Designed as emergency shelters, the sheds fail to support daily life. When they aren’t flooding from the rain, morning dew comes in through the walls, soaking papers and documents. The heaters are hard to control, and have been known to make the concrete floors so hot that people have burned their feet getting out of bed.
Residents endure these conditions because they’re afraid of being deemed “housing-resistant” and de-prioritized for permanent housing. Meanwhile, people get evicted from the sheds without due process. A mother and daughter were evicted for staying with the girl’s father for three consecutive days, and a pregnant woman was told that once she gives birth she’ll have to move out. The nonprofits that administer the tiny shed camps estimate a period of between three and six months between moving into a tiny shed and getting permanent housing, but of the people I interviewed, no one had heard of anyone entering directly into permanent housing from a tiny shed. Some tenants who have put community pressure on their caseworkers have received Section 8 vouchers, which use government funds to subsidise rents paid to private landlords but do not guarantee that a landlord will accept the voucher.

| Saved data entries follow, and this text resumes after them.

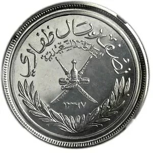 マスカット&オマーン 1/2 リアル AH1367 (1948)、NGC PF63、「サイード・イブン・タイムール (1932 - 1970)」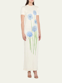 Short-Sleeve Allium Print Jersey Maxi Dress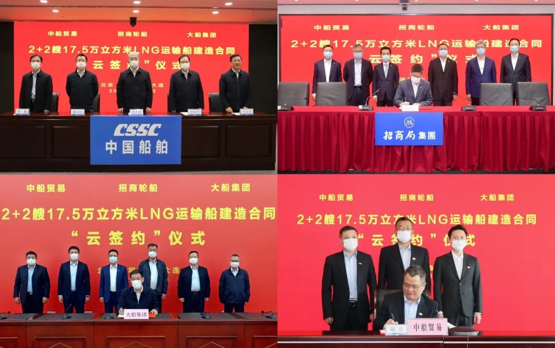 3月31日,中國(guó)船舶集團(tuán)有限公司旗下大船集團(tuán)聯(lián)合中船貿(mào)易與招商局集團(tuán)有限公司旗下招商輪船在上海、深圳、大連及北京四地以“云簽約”方式簽署2+2艘17.5萬(wàn)立方米大型液化天然氣(LNG)運(yùn)輸船建造合同。中國(guó)船舶集團(tuán)黨組書記、董事長(zhǎng)雷凡培,黨組副書記、總經(jīng)理?xiàng)罱鸪?,黨組成員、副總經(jīng)理盛紀(jì)綱,招商局集團(tuán)董事長(zhǎng)繆建民、總經(jīng)理胡建華、董事王宏出席簽約儀式。雷凡培、繆建民在儀式上致辭。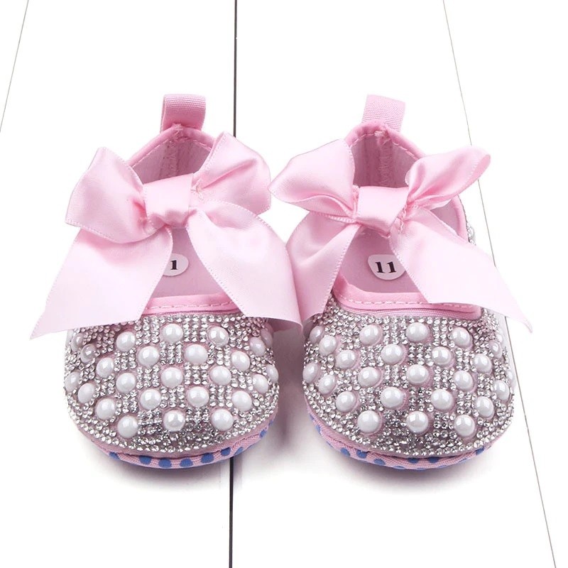 Girls' moccasins with stones and a bow around the ankle will be a practical and fashionable accessory for a summer outfit.

Tiny sheds must be understood not as homes or as housing, but as an architecture of containment and banishment. A home is a place where you can feel comfortable and secure, where you can fulfill your basic needs without being monitored, and leave to visit loved ones without fearing losing your home. Many tiny shed residents maintain a place outside because that’s where their community is, or what they can call home. I spoke to Carly O., a member of SWLA and the LA Tenants Union (LATU), who described the way that tiny homes are used to redefine “home” in order to cater to people who have never been homeless: “They’ve engineered the perfect concept of housing for NIMBYs (Not in my Backyard). This is not meant for the people who are going to be forced to accept these things—it’s meant for the people that want homeless people to disappear.”
Rick Vansleve, president of HOTV, described the camps’ impact on their surrounding neighborhood: “…People in the neighborhood see less homeless, less trash, less crime, fewer drug users roaming around. I think these villages should spread across the country like Starbucks—be in every community.” The role of the tiny shed camp in a comprehensive gentrification plan is clear. Tiny sheds and other forms of carceral housing are part of a system of interdependent measures intended to banish unhoused people from the public eye and to invisibilize the poverty produced by high rents and low wages. Among these measures are sit/lie laws which criminalize unhoused people who sit or lie in public space. Squalor*, an unhoused member of SWLA and LATU told me, “The city has two buttons. Button one: ‘conform’. Button two: ‘go to jail’. If you don’t conform, press button two, go to jail, and that’s the tiny sheds.” US cities have a long tradition of rebranding laws that banish poor, queer, disabled, and racialized people.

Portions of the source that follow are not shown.